De plus en plus reconnu et demandé, l’accouchement physiologique est très en vogue en ce moment. Mais comme pour tout, ce qui est à la mode à tendance à être dénaturé et à perdre ses vertus originelles.
Revenir à l’origine de la physiologie
Beaucoup on tendance à assimiler « physiologique » avec ce qui parait provenir de la nature. Mais il est important de ne pas confondre SA nature avec LA nature. Notre corps est notre. Tout ce qui vient de l’extérieur ne fait pas partie de notre entité. Aussi il n’y a pas d’artifice à apporter quand on parle de physiologique.
Comme l’écrit le dictionnaire Larousse, physiologique veut dire ce qui à trait aux fonctions et aux réactions normales de l’organisme. Un accouchement physiologique est donc un accouchement qui respectent les différentes étapes et processus normaux du corps de la femme qui accouche.
Les différentes étapes de la grossesse et de l’accouchement
Pendant toute la grossesse la physiologie dirige le corps de la future maman afin qu’elle puisse conserver en elle un embryon puis un fœtus en s’organisant autour de lui pour le protéger pendant 9 mois.
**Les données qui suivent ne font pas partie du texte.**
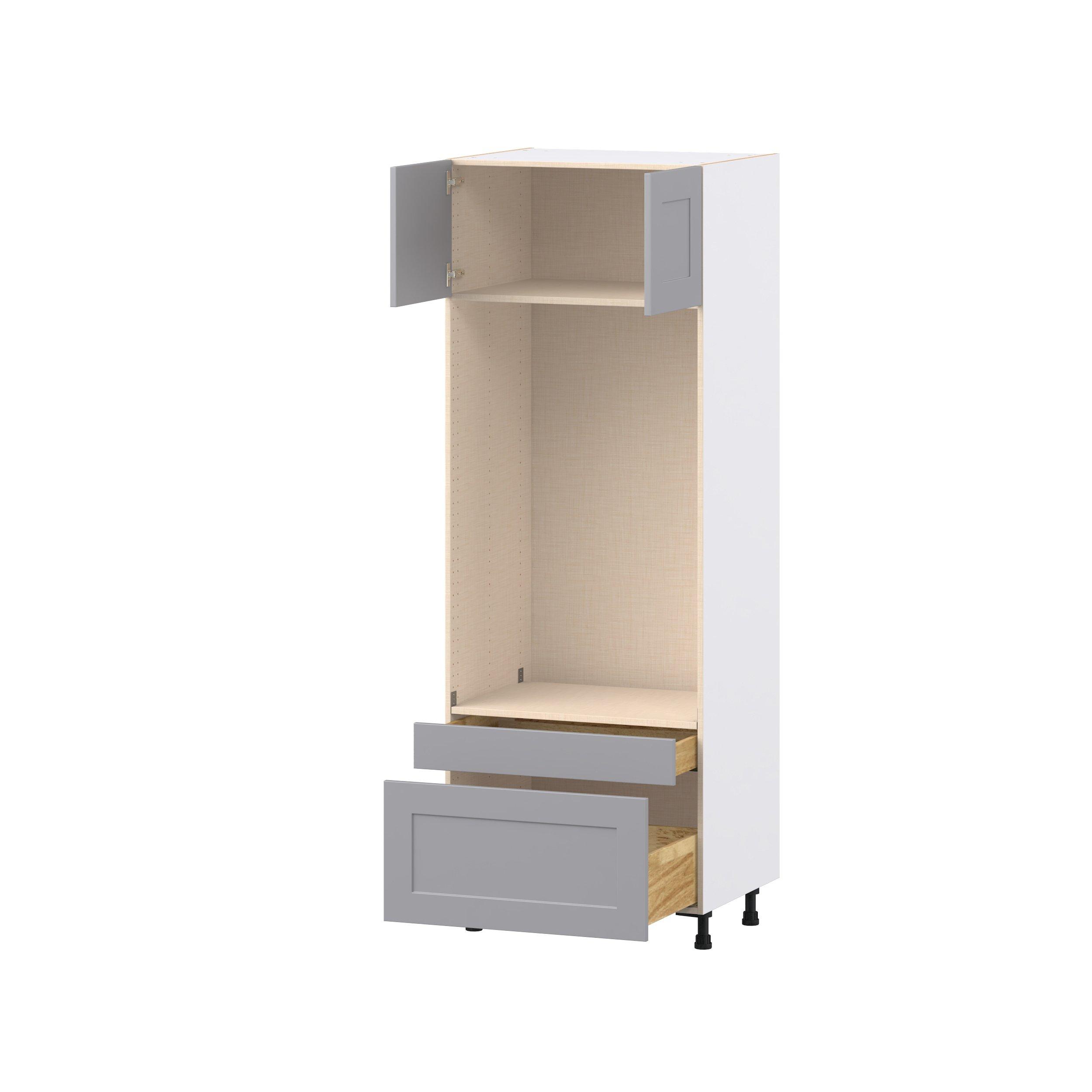 Transform your space with the elegance of Candler wide-rail shaker styles. Both the warm white and slate gray options create a rich transitional backdrop to complement any decor. Crafted from one-piece MDF Studio Design Collection Candler 30 in. Painted Slate Gray Door and Drawer Microwave/Oven Pantry Cabinet is designed to resist hairline cracks while the easy-to-clean finish stands up to stains and moisture. Featuring 5-piece doors and dovetail drawer joints, these cabinets offer durability and elegance. This collection combines style with everyday storage solutions.

Pour faire ce nid il faudra ainsi créer de la place. Or on ne peut pas créer de la place en arrière puisqu’il y a la colonne vertébrale. La place sera restreinte en haut par la cage thoracique. Mais celle-ci étant pneumatique, peut s’élargir et se remonter. Le bébé peut se loger bien bas, mais il finira par prendre trop de place pour se loger sous la symphyse pubienne. Aussi l’essentiel de la place faite sera vers l’avant avec l’écartement des abdominaux via la ligne blanche, une ligne de fascia qui s’écarte de manière physiologique sous l’effet des hormones de grossesse. Et qui se ressert normalement après l’accouchement et avec la chute des taux hormonaux ( à l’inverse de la physiologie il y a la pathologie. Lorsque la ligne blanche ne se ressert pas alors il y a une pathologie : le diastasis. Une rééducation chez un kinésithérapeute est alors nécessaire pour réparer le corps et le ramener dans sa physiologie. ).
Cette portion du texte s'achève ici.